Data Engineering: January 2019

How-To Configure a Multi-Node Cluster with Cassandra

Introduction:
This article aims at helping you with setting up a multi-node cluster with Cassandra, a highly scalable open source database system that could be used as DB for OTK. In order to do so, first we have to make sure JDK is properly installed, then install Cassandra on each node, and finally configure the cluster.

Background:
Apache Cassandra is a free and open-source distributed database management system designed to handle large amounts of data across many commodity servers, providing high availability with no single point of failure. Cassandra offers robust support for clusters spanning multiple datacenters, with asynchronous masterless replication allowing low latency operations for all clients. Cassandra is used as the non-SQL based datastore for OAuth toolkit on CA API gateway.

Environment:
Cassandra is supported on Mac OS X, and a variety of Linux distributions. Oracle Java VM is highly recommended for Cassandra. I have used CentOS Linux release 7.2.1511 (Core), and Oracle JDK 1.8.0_1-1 in this article.
Instructions:
0- The Cassandra documentation highly recommends the Oracle Java VM 8. Installing the Oracle JAVA VM on single nodes is detailed in TEC1354854.

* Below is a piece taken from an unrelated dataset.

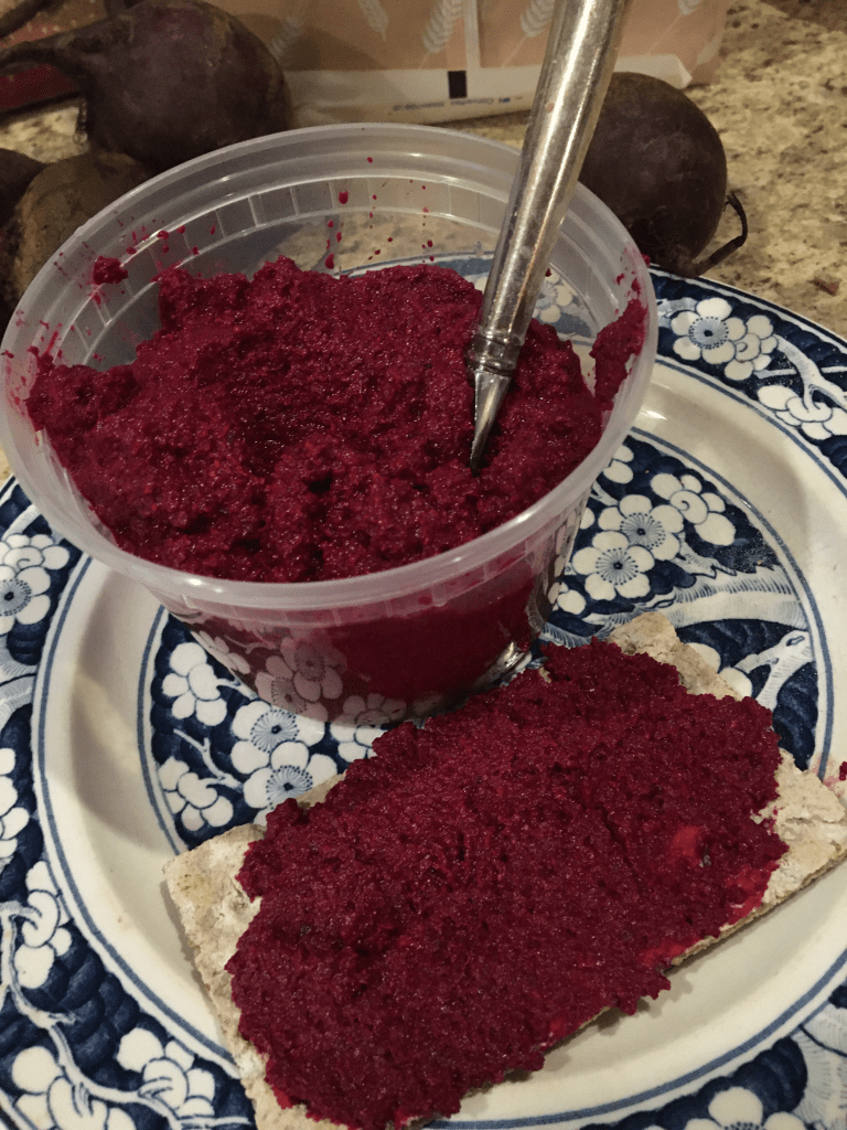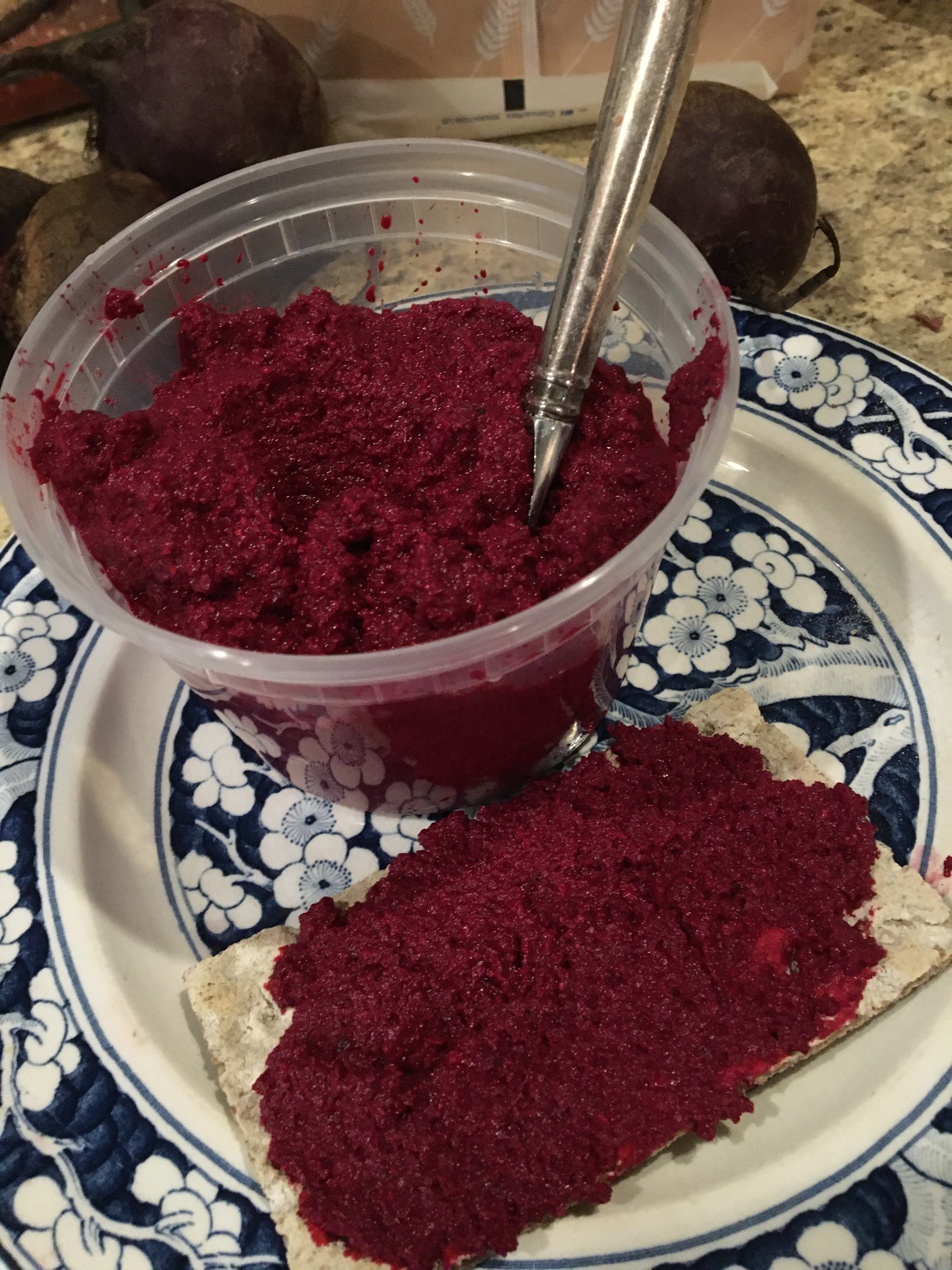 Last fall I bought a supply of storage vegetables – carrots, potatoes, and beets – from the CSA. Most of that has been eaten up by now, but I still have a few beets left. I used some of them the other day to make beet spread, a favorite treat in my household. It makes a nice snack spread on crackers and is also tasty as a sandwich spread.

1- Installing Cassandra on single nodes

Download and extract the package:

$cd /tmp

$wget https://archive.apache.org/dist/cassandra/2.2.8/apache-cassandra-2.2.8-bin.tar.gz

$tar -zxf apache-cassandra-2.2.8-bin.tar.gz

Move it to a proper folder:

$sudo mv apache-cassandra-2.2.8/ /opt/

Next, make sure that the folders Cassandra accesses, such as the log folder, exists and that Cassandra has the right to write on it:

$sudo mkdir /var/lib/cassandra

$sudo mkdir /var/log/cassandra

$sudo chown -R $USER:$GROUP /var/lib/cassandra

$sudo chown -R $USER:$GROUP /var/log/cassandra

To setup Cassandra environment variables, add the following lines to /etc/profile.d/cassandra.sh using vi or cat:

export CASSANDRA_HOME=/opt/apache-cassandra-2.2.8

export PATH=$PATH:$CASSANDRA_HOME/bin

You should now reboot the node, so everything is updated:

$sudo reboot

Log back in and and confirm that everything is set properly:

$sudo sh $CASSANDRA_HOME/bin/cassandra

$sudo sh $CASSANDRA_HOME/bin/cqlsh

2- Setting up Cassandra cluster

Before configuring each node, make sure Cassandra is not running:

$pkill cassandra

You'll also need to clear data:

$sudo rm -rf /var/lib/cassandra/*

As an example, I'll use a 3 node. single data center, single seed Cassandra cluster:

cas1.ca.com

cas2.ca.com

cas3.ca.com

At this point you will calculate token numbers for all cluster nodes. For a single data center with 3 nodes, using the default Murmur3Partitioner:

$python -c 'number_of_tokens=3; print [str(((2**64 / number_of_tokens) * i) - 2**63) for i in range(number_of_tokens)]'

['-9223372036854775808', '-3074457345618258603', '3074457345618258602']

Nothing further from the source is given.